What needs to be done | Every line from the one holding "Ultrașii CFR Cluj" through the one holding "(2016 г.) |" in the data below must be returned exactly, both ends included, with pictures left out and nothing else added.

Listed entries |
• • • • • • •
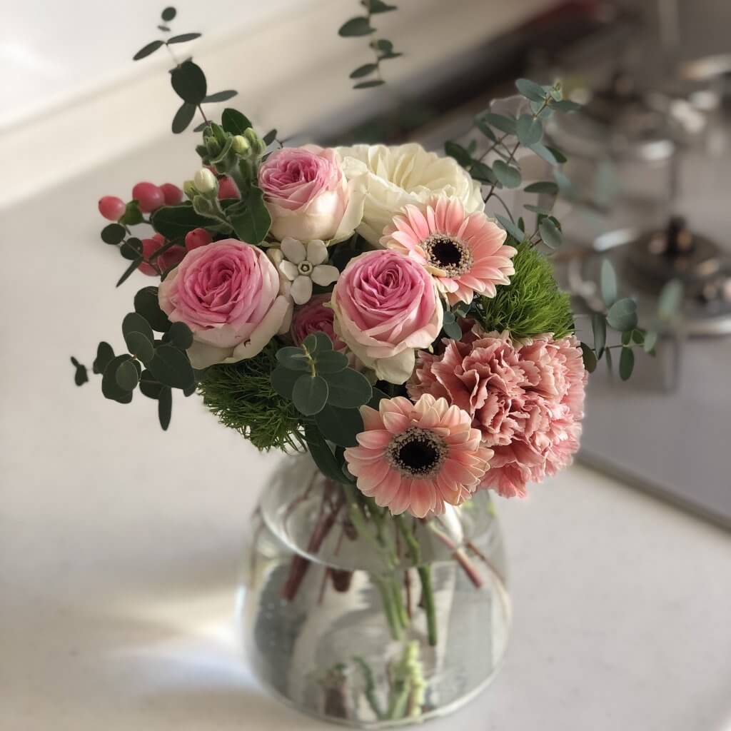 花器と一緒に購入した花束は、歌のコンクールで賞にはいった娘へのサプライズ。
• • • • • • •
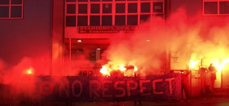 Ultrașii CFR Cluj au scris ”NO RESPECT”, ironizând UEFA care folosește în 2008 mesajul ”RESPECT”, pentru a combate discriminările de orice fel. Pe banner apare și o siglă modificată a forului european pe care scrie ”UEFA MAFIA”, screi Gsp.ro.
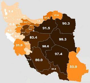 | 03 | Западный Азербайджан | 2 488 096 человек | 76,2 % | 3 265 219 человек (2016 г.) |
• • • • • • •
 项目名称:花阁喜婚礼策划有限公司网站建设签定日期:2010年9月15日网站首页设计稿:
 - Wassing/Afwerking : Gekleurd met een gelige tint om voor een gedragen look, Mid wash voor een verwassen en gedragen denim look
• • • • • • •
Written reply |
 Ultrașii CFR Cluj au scris ”NO RESPECT”, ironizând UEFA care folosește în 2008 mesajul ”RESPECT”, pentru a combate discriminările de orice fel. Pe banner apare și o siglă modificată a forului european pe care scrie ”UEFA MAFIA”, screi Gsp.ro.
 | 03 | Западный Азербайджан | 2 488 096 человек | 76,2 % | 3 265 219 человек (2016 г.) |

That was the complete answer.